I remember encountering a classic case of this when I was a civil servant at the Home Office. A young adolescent had finally been excluded from his school after recurrent violent attacks on fellow pupils and teachers. He had just been thrown out of home by his parents after beating up his mother, smashing down his parents locked bedroom door, stealing car-keys and writing off parental car. He had therefore been taken into care. In consequence he had become a priority case to get back into school, and therefore, top of his new social workers “to-do” list was to support him in an appeal against his school exclusion and get him back into his old school. Nowhere on their tick-box list was there anything about helping him with behavioural change or any thought to the educational, psychological and physical consequences for other children at his school that would follow from getting him back without at the same time persuading him to desist from the violence that had prompted his original exclusion. The kids at this school were from a part of south-east England with one of the highest levels of deprivation in the country. To these social workers their life-chances did not seem to matter. All that mattered was winning this appeal and ticking the box. For a Labour government it must matter and if it does not the parents of the other children at that school and others like them will ultimately desert a party they will feel is no longer “batting for their people,” despite all the real new investment in public services that Labour has brought. And it is the same for Labour voters who welcome the refurbishment of their council estates but whose lives are still blighted by anti-social families who council officials are reluctant to tackle (though ASBOs have helped), and patients, doctors, nurses and paramedics who welcome the new hospitals but wonder why they have to endure abuse and violence from some patients – some of whom are under the severe influence of hard drugs and alcohol – with precious little sanction – the paperwork, bureaucracy, panel meetings and appeals processes necessary to “section” someone is such a nightmare that many psychiatrists are simply unable to use this procedure in the way they would consider appropriate.
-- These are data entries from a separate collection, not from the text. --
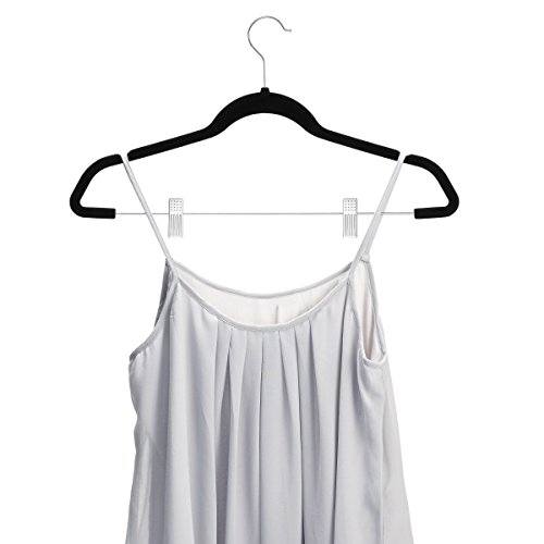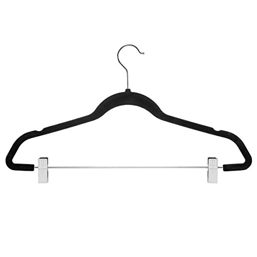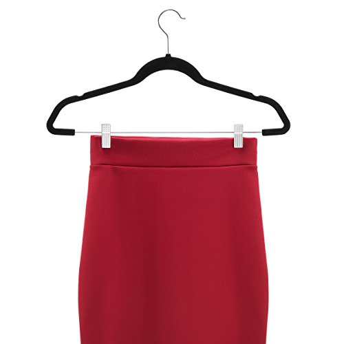 Set of 20 velvet flocked hangers for superior nonslip grip of clothing. The velvet skirt hangers soft texture won’t snag or damage delicate clothing. Versatile and functional these pant hangers allow you to store shirts, and pants or skirts at the same time.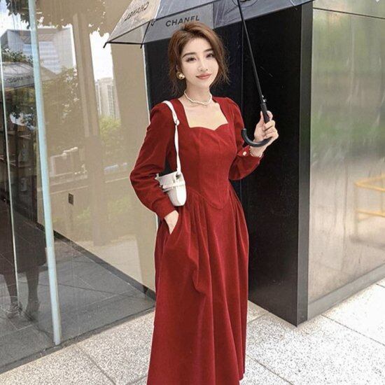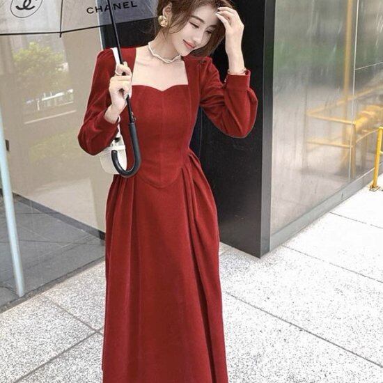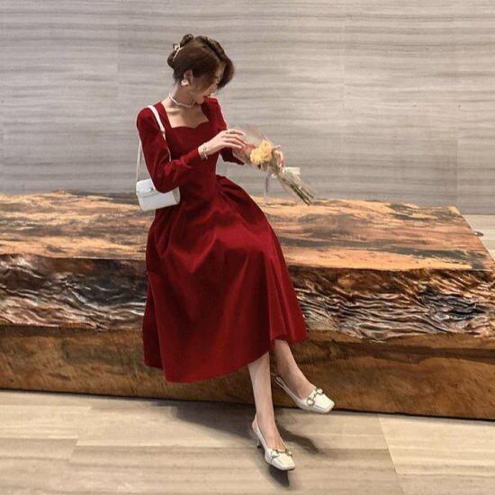 パーティードレス レディース Aラインワンピース ベルベット 長袖 ハートネック スクエアネック ハイウエスト ミモレ ロング エレガント 結婚式 演奏会 披露宴 謝恩会 二次会 ベロア おしゃれ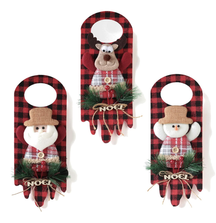 Spruce up your boring old doorknobs for the holidays with these darling door hangers. Not only are these perfect for bathroom doors, closet doors, etc. but they’re also fun to hang on your front door.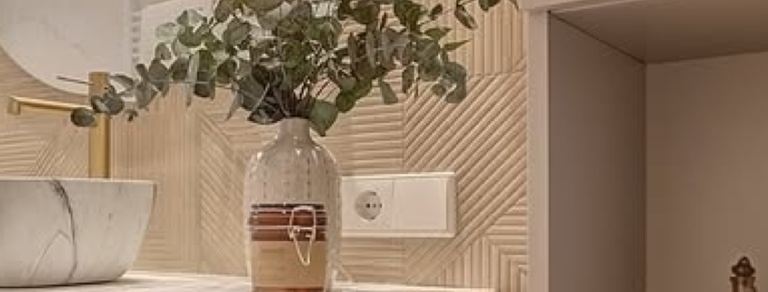 La cerámica texturizada da profundidad visual, mientras que el porcelánico efecto mármol blanco y la luz natural mantienen la luminosidad y la serenidad. La ducha, con mampara sin perfiles y ventana alta, combina discreción y privacidad. Un baño atemporal, sofisticado y funcional para disfrutar cada día.
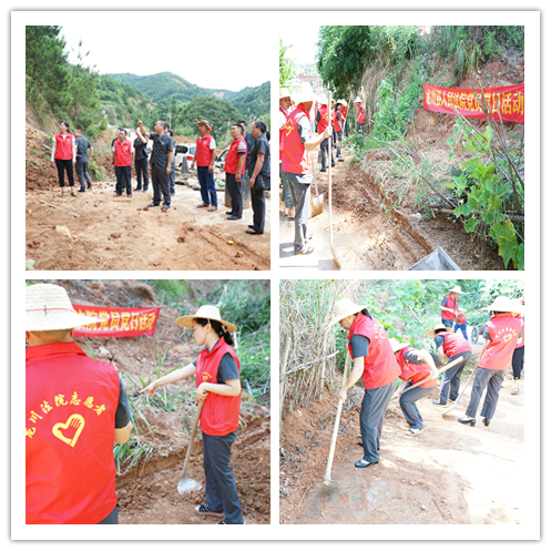 细坳镇半径村是龙川县法院挂钩帮扶村,在“6.10”、“6.12”洪涝灾害中,造成多处山体滑坡,泥土掩盖村道,影响村民出行。龙川县法院积极响应县委号召,开展“灾后重建、我作贡献”主题党日活动,组织党员干警前往半径村清理道路、沟渠淤泥,疏通灌溉水渠,铺设引水管道,尽快帮助群众恢复生产生活。

Thus ministers are considering how to make the implicit social contract explicit. Were they not to do so the way would be open to David Cameron’s continuing challenge to the welfare state – his idea that it can be supplanted by the voluntary sector. As Ed Miliband reminded us at the Progress seminar last week, the voluntary sector – Morrison’s “charity state” – has a vital role to play but it cannot do everything. It was the inability of “the community” as a voluntary body to provide the support necessary to avoid the horrific conditions so vividly portrayed by Dickens in the 19th Century and Orwell in the 1920s and 30s that required the welfare state to be brought into being. That is why there is a gaping intellectual hole at the heart of David Cameron’s rhetoric around reliance on voluntary provision. But the existence of that hole does not make his rhetoric any the less seductive to many voters and to avoid a Cameron government putting Britain in aforesaid hole New Labour must ensure that the welfare state and public service provision resonates with the many and not just the few.